[Opening DATASET CONTENT section]

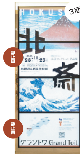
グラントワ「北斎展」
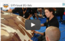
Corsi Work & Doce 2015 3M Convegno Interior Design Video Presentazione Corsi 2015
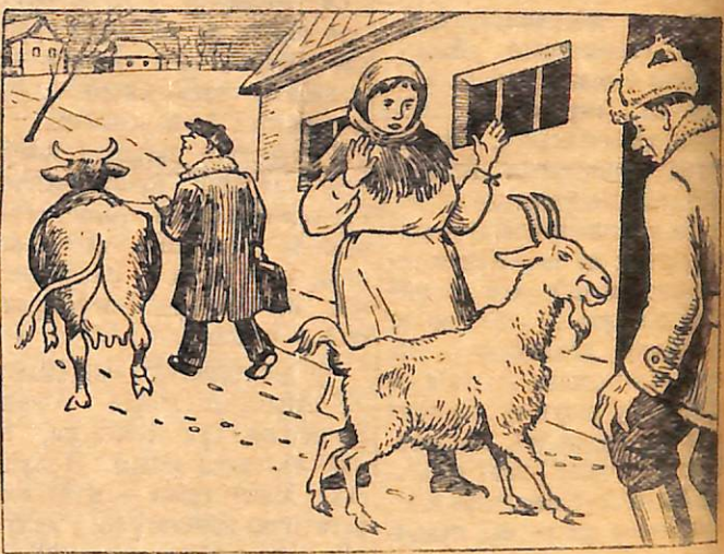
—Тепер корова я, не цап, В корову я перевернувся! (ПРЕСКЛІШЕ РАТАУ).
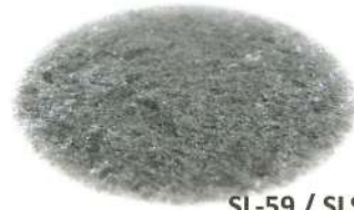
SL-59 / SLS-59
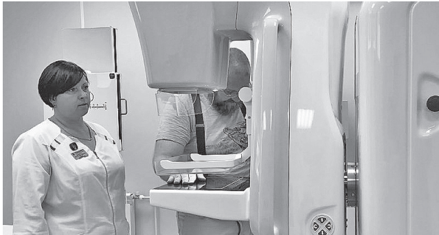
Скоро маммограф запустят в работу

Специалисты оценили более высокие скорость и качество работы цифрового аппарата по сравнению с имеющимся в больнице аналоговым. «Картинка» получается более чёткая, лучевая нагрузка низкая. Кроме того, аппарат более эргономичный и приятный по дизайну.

[Closing DATASET CONTENT section]
[Opening DATASET CONTENT section]

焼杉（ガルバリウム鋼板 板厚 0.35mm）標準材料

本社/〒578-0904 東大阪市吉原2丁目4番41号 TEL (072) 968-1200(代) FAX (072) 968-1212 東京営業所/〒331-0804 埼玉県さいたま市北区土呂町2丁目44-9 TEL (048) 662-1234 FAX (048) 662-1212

[Closing DATASET CONTENT section]

REQUIREMENT:
With the pictures omitted, copy the entries above exactly from the line containing "Corsi Work &" through the line containing "Специалисты оценили более", both lines included.

ANSWER BOX:
Corsi Work & Doce 2015 3M Convegno Interior Design Video Presentazione Corsi 2015
—Тепер корова я, не цап, В корову я перевернувся! (ПРЕСКЛІШЕ РАТАУ).
SL-59 / SLS-59
Скоро маммограф запустят в работу

Специалисты оценили более высокие скорость и качество работы цифрового аппарата по сравнению с имеющимся в больнице аналоговым. «Картинка» получается более чёткая, лучевая нагрузка низкая. Кроме того, аппарат более эргономичный и приятный по дизайну.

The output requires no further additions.